Directions: Print the records below exactly, from the line containing "シルエットは着丈をやや抑えたルーズなボックスライン。" down to the line containing "これはジョージ ジェンセン社", both lines included, and omit every picture.

Input:
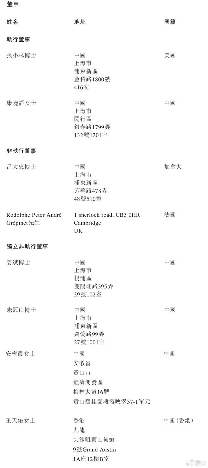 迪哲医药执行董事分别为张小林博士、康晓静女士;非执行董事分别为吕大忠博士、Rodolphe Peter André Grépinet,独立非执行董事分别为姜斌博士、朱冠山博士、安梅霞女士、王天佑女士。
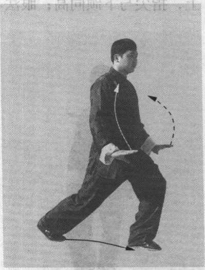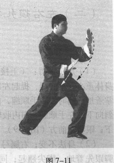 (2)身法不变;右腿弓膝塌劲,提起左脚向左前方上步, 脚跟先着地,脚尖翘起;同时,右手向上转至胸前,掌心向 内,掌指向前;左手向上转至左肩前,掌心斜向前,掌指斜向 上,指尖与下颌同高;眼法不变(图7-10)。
* * *
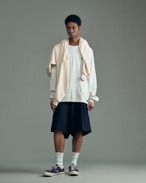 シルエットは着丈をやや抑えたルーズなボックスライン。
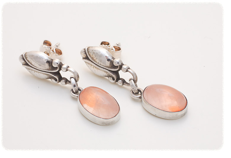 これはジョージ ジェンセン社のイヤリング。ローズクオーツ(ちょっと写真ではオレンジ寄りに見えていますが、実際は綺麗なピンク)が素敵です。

Exercise solution:
 シルエットは着丈をやや抑えたルーズなボックスライン。
 これはジョージ ジェンセン社のイヤリング。ローズクオーツ(ちょっと写真ではオレンジ寄りに見えていますが、実際は綺麗なピンク)が素敵です。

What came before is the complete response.